New Times,
New Thinking.

  1. Politics
  2. UK Politics
7 December 2022

Lisa Nandy: “While rentier capitalism has been allowed to run riot, a quiet patriotism has been at work in every community”

The text of the shadow levelling up secretary's Orwell Memorial Lecture.

By New Statesman

The below is a transcript of shadow levelling up secretary Lisa Nandy’s Orwell Memorial Lecture, delivered on 6 December

At a time when we appear to have lost sight of who we are and our place in the world, when we seem to have lost even any sense that real change is possible, I want to talk to you about the country ‘that lies beneath the surface’ and why it is time for that country to take charge of its own destiny. As we head into the hardest winter – with hope, trust and inspiration in short supply – it might be tempting to retreat and play it safe; simply to defend what is left after a decade of decay. But there are moments in history when the longed-for tidal wave of justice can rise up and a sea change is upon us. This is one.

In 1937 my town in Wigan – a town that stood at the centre of the world, powering the country through dangerous, difficult work in the pits – came to symbolise the case for change when George Orwell documented the grinding poverty and squalor that so many working-class families endured. A few years later, the working-class men that Orwell had come to so admire returned home from the devastation of war unwilling to accept those conditions any longer. And the Attlee Government responded by building more council houses than any other in British history and bringing public services into common ownership for the common good.

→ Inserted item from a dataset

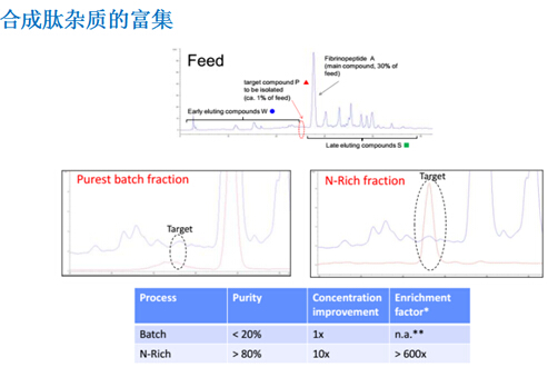 ? ??? ?N-Rich工藝是微量物質的富集過程,比如將產品的相關雜質選擇性地富集在一個循環的層析過程中,待富集至目標量,再進行洗脫回收。該方法特別適用于分離與產品有關的雜質,如異構體和聚集體,并同時用于發現研究。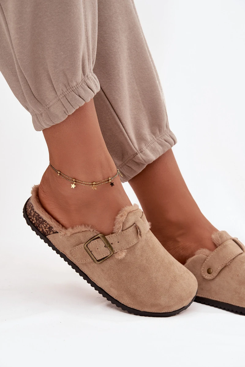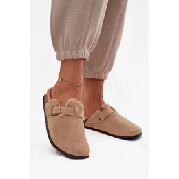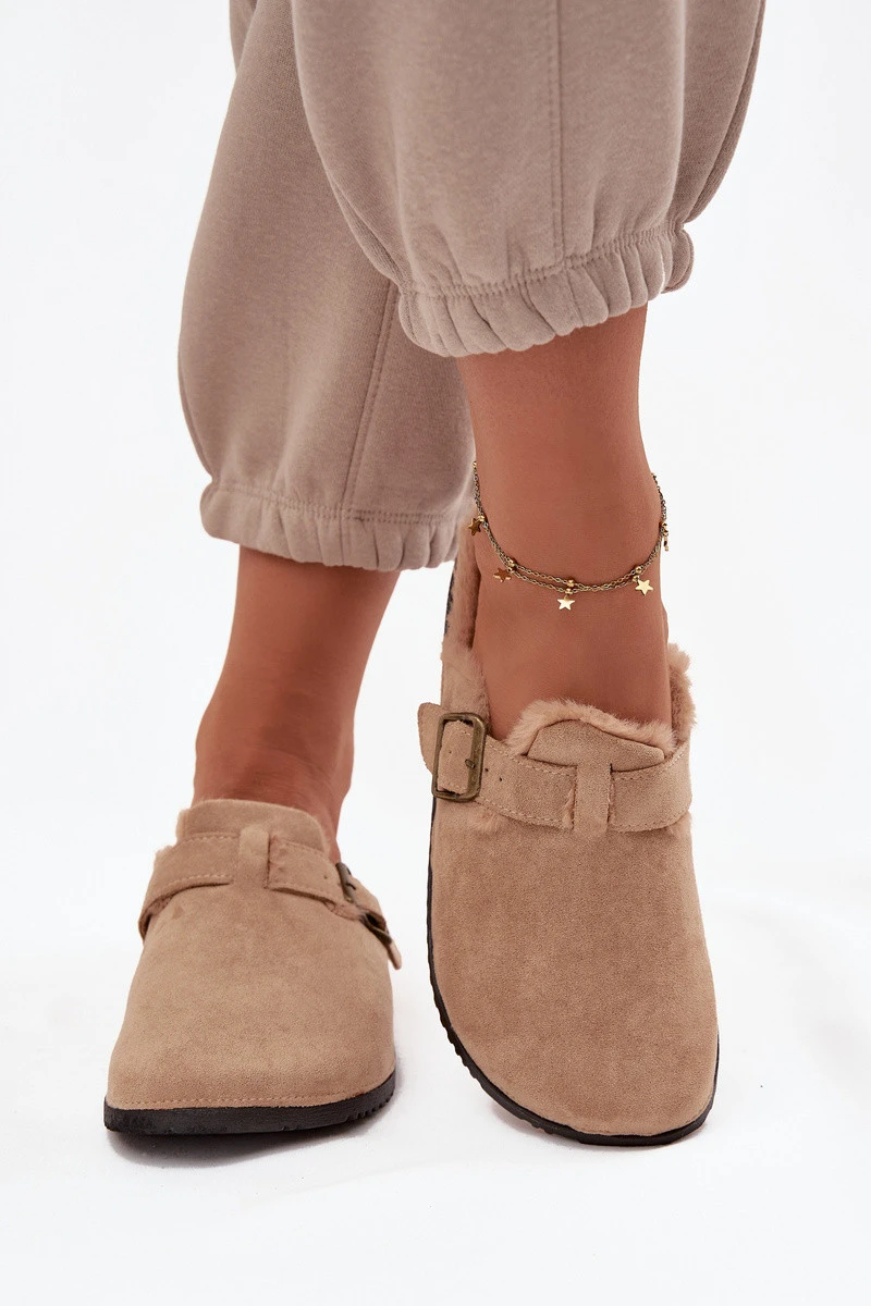 Dámské nazouváky s podšívkou s přezkou Béžové model 21715161 - Boto

Nearly a century later we found ourselves at the centre of political debate once again. In a proud industrial town buffeted by waves of globalisation the smoke signals went up. Falling voter turnout, a dramatic rise in support for UKIP, the vote to leave the EU. The alarm bells had been sounding for a decade but the political system couldn’t or wouldn’t respond. In the 14 years since the economic crash we’ve taken all the wrong cues from those uprisings. Unable or unwilling to hear that roar, as George Eliot puts it, that lies on the other side of silence. Perhaps this is why as the storm clouds have gathered, nothing new has emerged.

Britain opened up to globalisation in 1997 in order to lead the world, not leave it. It gave us an open economy and influence in the world. And there were many winners. The decision to invest in “education, education, education” equipped so many young people with the skills and resilience to adapt and retrain, to grasp opportunities and to make their home in places that in turn reaped the benefits of this open, global Britain. But while those with knowledge, skills and assets thrived, others were left to count the cost. The places that were, as Tony Blair put it, “swift to adapt, slow to complain, open, willing and able to change” pulled further and further ahead while others were left to fall further behind.

As good jobs moved elsewhere, the base of the local economy crumbled. Young people who could, grasped the opportunities opened up to them and moved away to go to university, often for the first time in their family history, and to find better paid work. And with the loss of those jobs went spending power, taking with it the bus networks, thriving high streets, post offices and pubs – and the close-knit families – that make up the social fabric of the place. This began a political consensus that lasted for decades built on an economic model that drove investment into sectors and places that were already thriving in the belief that the benefits would trickle down and trickle out. The people who had powered the world became recipients of growth, not contributors. No longer deemed to have a contribution to make, they became the beneficiaries of redistribution.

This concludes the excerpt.